Three-dimensional hollow SnO2@TiO2 spheres encapsulated in reduced graphene oxide aerogels as promising anodes for lithium-ion storage

Abstract

Three-dimensional hollow SnO2@TiO2 spheres encapsulated in reduced graphene oxide aerogels (HSTGAs) were successfully fabricated through self-assembly from SnO2@TiO2 hollow spheres and graphene oxide nanosheets using a simple hydrothermal process. The hollow spheres possess an average size of 360 nm. The thickness of SnO2 shell is 10–15 nm, and the thickness of TiO2 shell is 20–35 nm.
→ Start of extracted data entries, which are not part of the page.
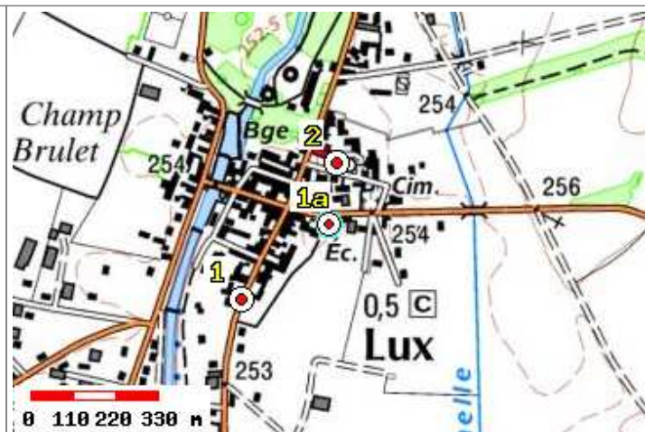
Carte : 3122 MIREBEAU
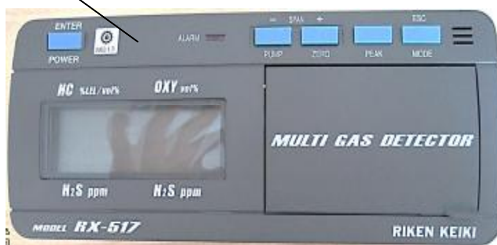
Рис. 2. Панель управления газоанализатора RX-517
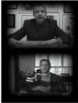
33 Dirigida per Kiko Goifman Brasil, 2004
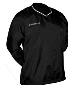
K-WAY € 10

The TiO2 shell was anchored onto the surface of hollow SnO2 spheres to effectively limit volume change. Afterward, hollow SnO2@TiO2 spheres were wrapped in graphene oxide nanosheets to build a three-dimensional conductive structure. The applications of HSTGAs as anode for lithium ion storage were explored. Systematic electrochemical results show that HSTGAs electrode maintains a high-discharge capacity of about 668.2 mA h g−1 at 100 mA g−1 after 200 cycles. Compared with pure metal oxide hollow spheres, HSTGAs can greatly enhance the electrochemical performance due to the synergistic effects of metal oxide hollow spheres and graphene oxide nanosheets. HSTGAs are prospective multifunctional nanomaterials that can be used to solve the current energy storage issues.